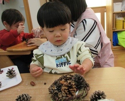 拾ってきたどんぐりや松ぼっくりを使って作るリースは、さつまいものツルを土台にしたリース。赤い実がかわいい!と、小さな指先でつまんではチョンチョンと並べて、とっても可愛らしくできあがりました。
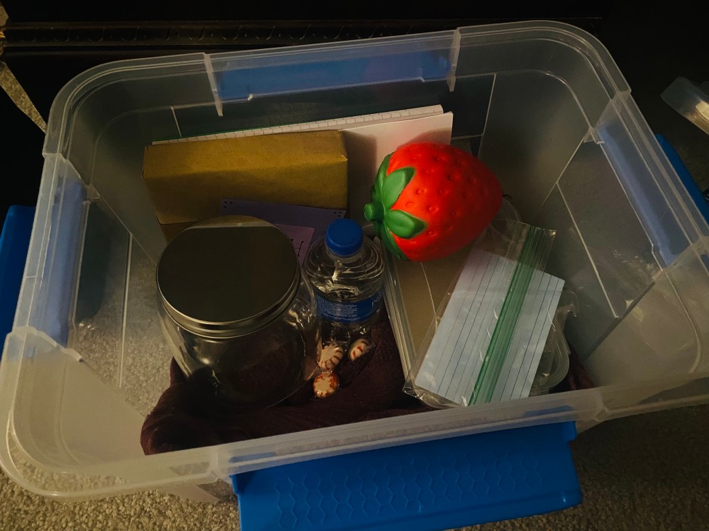 I used a medium-sized plastic bin, and it includes a notebook for free-writing, a defusion jar, a bottle of water, mints, two sensory items (a squishy strawberry and a container of sand), and some notecards with some of my favorite encouraging quotes and song lyrics.
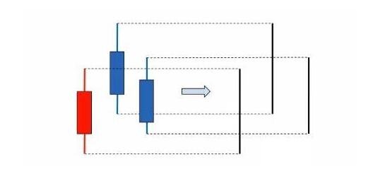 如圖所示,不含包含關系的三根K線,中間一根低點最低 ,高點也最低。
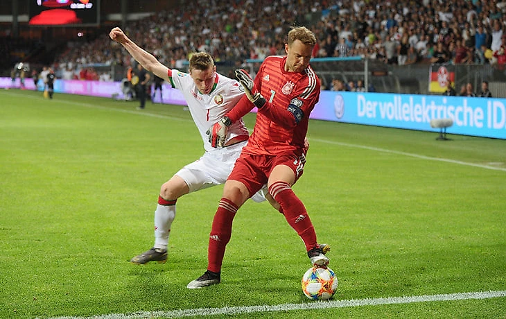 Сборная Германии уверенно разобралась в гостях с Беларусью в матче отбора к Евро-2020 – забили Сане и Ройс, но главный момент не голы, а трюк Нойера за пределами штрафной.

» TASK DESCRIPTION
Hand back exactly the lines from the one with "I used a medium-sized" through the last line of the data above, both ends included, with every picture left out.

» RESULT FOR THIS EXERCISE
 I used a medium-sized plastic bin, and it includes a notebook for free-writing, a defusion jar, a bottle of water, mints, two sensory items (a squishy strawberry and a container of sand), and some notecards with some of my favorite encouraging quotes and song lyrics.
 如圖所示,不含包含關系的三根K線,中間一根低點最低 ,高點也最低。
 Сборная Германии уверенно разобралась в гостях с Беларусью в матче отбора к Евро-2020 – забили Сане и Ройс, но главный момент не голы, а трюк Нойера за пределами штрафной.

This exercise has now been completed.